**WHAT YOU NEED TO DO:** The expected output is an exact copy of each line from the line with "İphone 12 Kılıf Elit Yüzüklü Kapak - Kırmızı" through the end of the data below, with no pictures in it.

**COLLECTED MATERIAL:**

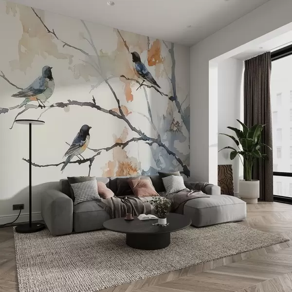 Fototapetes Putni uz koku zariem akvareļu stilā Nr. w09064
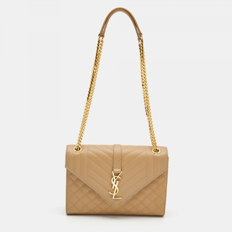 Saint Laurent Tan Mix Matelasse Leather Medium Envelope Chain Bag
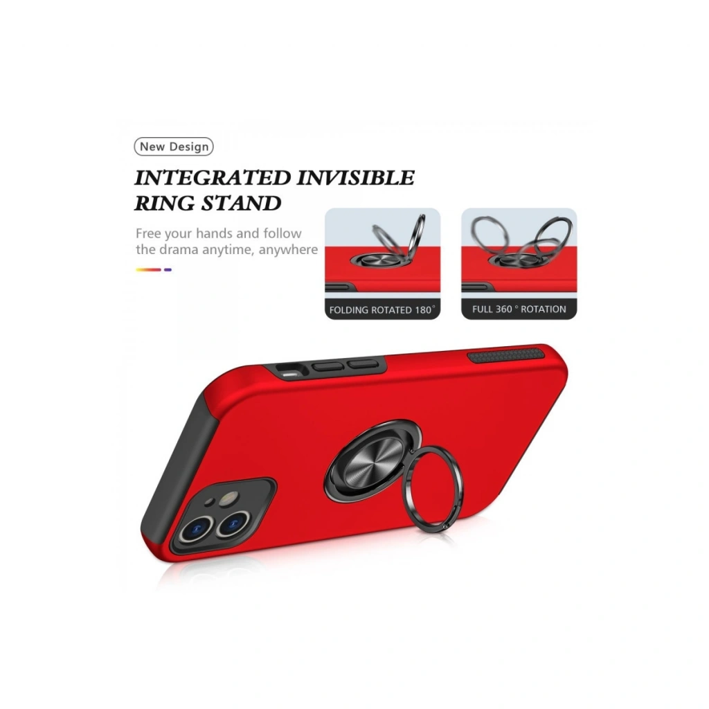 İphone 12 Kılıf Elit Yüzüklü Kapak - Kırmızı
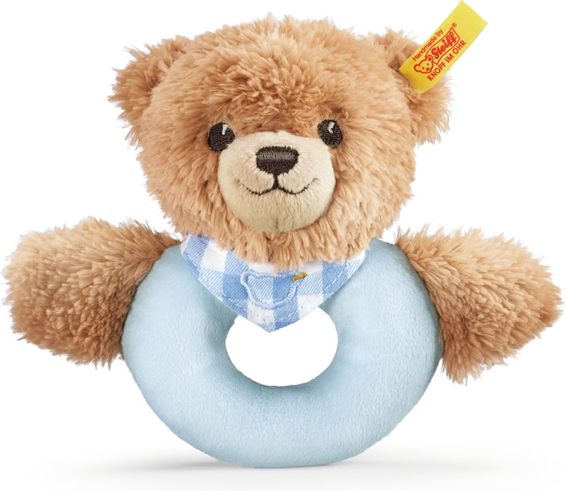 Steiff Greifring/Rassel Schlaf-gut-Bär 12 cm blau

**THE ANSWER:**
 İphone 12 Kılıf Elit Yüzüklü Kapak - Kırmızı
 Steiff Greifring/Rassel Schlaf-gut-Bär 12 cm blau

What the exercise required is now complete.